■ Your instructions
Give the data back exactly. Leave out any images.

■ Provided material

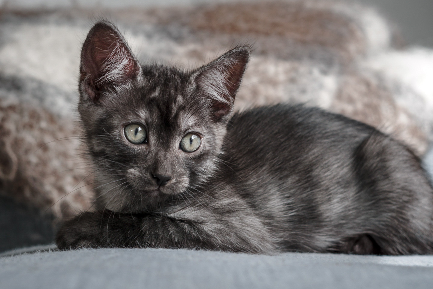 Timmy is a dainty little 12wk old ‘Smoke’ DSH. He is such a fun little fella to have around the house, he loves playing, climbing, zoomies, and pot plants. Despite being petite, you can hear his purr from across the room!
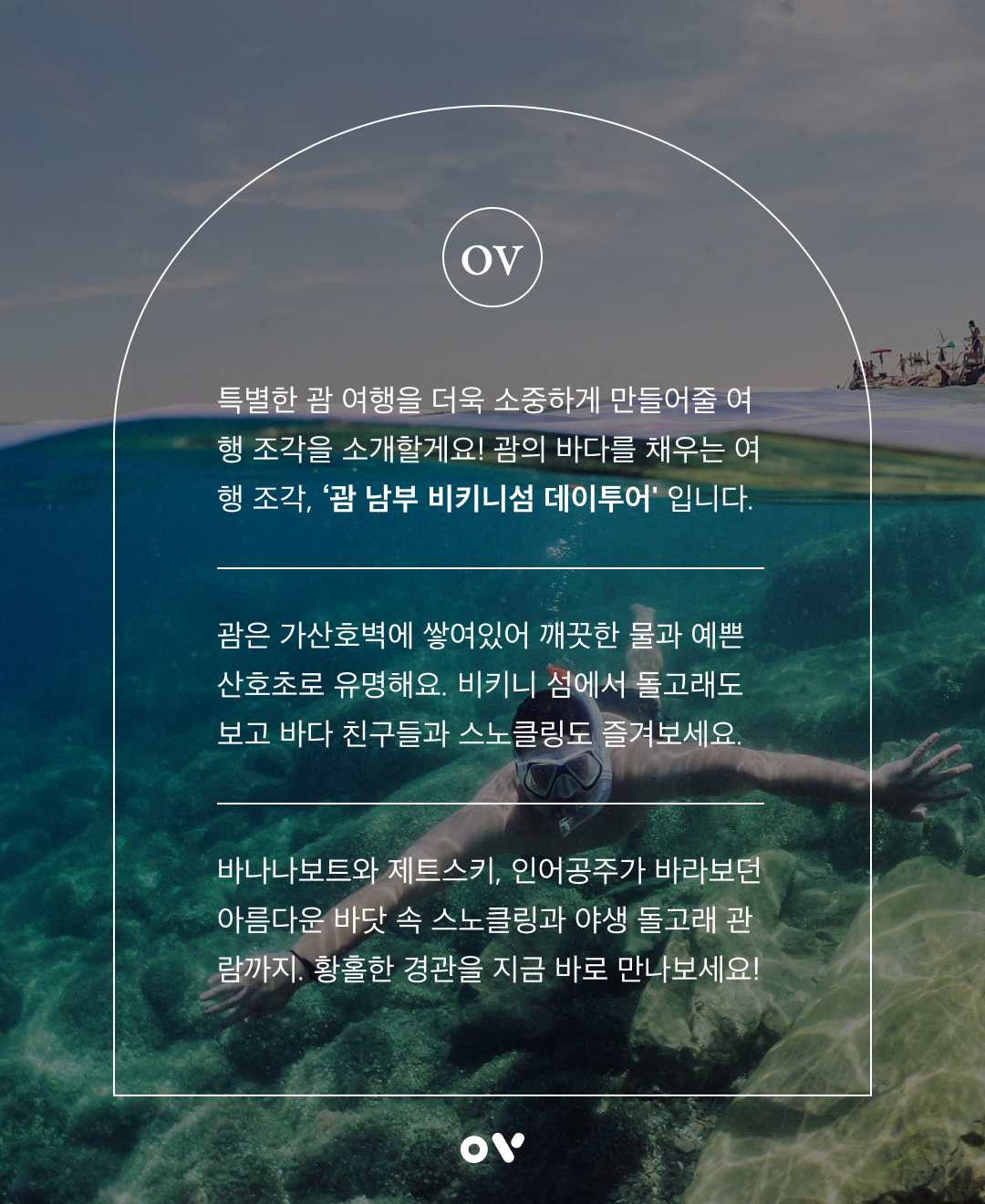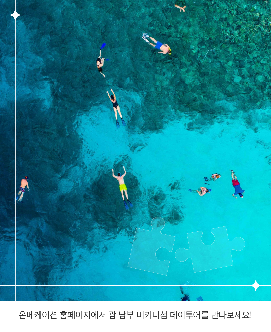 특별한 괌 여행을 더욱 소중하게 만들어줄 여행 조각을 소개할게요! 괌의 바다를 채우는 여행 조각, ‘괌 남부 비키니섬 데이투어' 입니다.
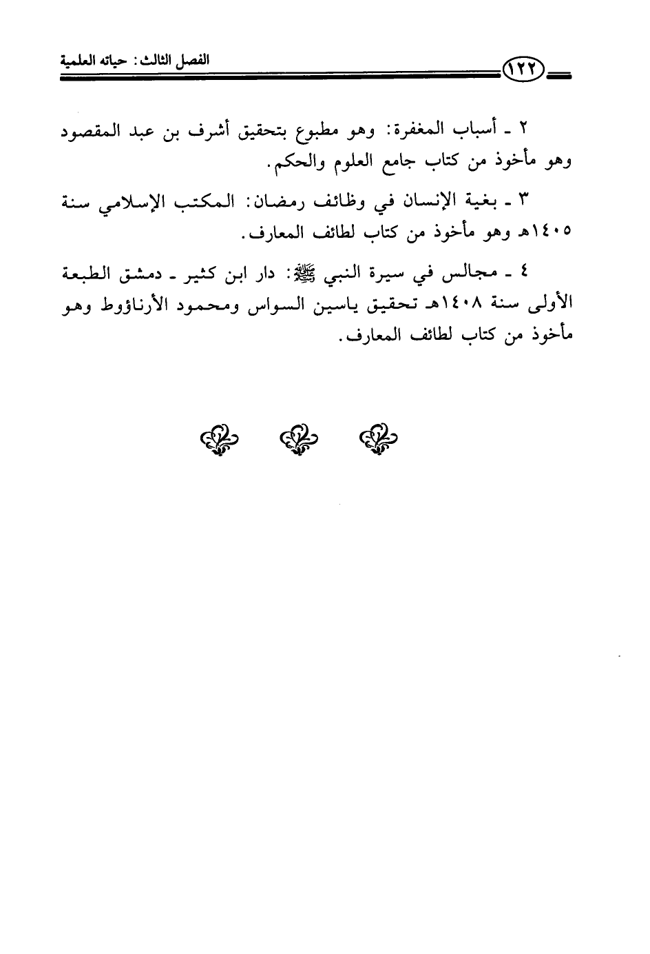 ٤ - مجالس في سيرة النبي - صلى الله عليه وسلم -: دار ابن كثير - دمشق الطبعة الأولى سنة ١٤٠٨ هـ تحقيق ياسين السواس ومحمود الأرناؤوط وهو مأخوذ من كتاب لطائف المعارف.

■ Solution for this task
 Timmy is a dainty little 12wk old ‘Smoke’ DSH. He is such a fun little fella to have around the house, he loves playing, climbing, zoomies, and pot plants. Despite being petite, you can hear his purr from across the room!
 특별한 괌 여행을 더욱 소중하게 만들어줄 여행 조각을 소개할게요! 괌의 바다를 채우는 여행 조각, ‘괌 남부 비키니섬 데이투어' 입니다.
 ٤ - مجالس في سيرة النبي - صلى الله عليه وسلم -: دار ابن كثير - دمشق الطبعة الأولى سنة ١٤٠٨ هـ تحقيق ياسين السواس ومحمود الأرناؤوط وهو مأخوذ من كتاب لطائف المعارف.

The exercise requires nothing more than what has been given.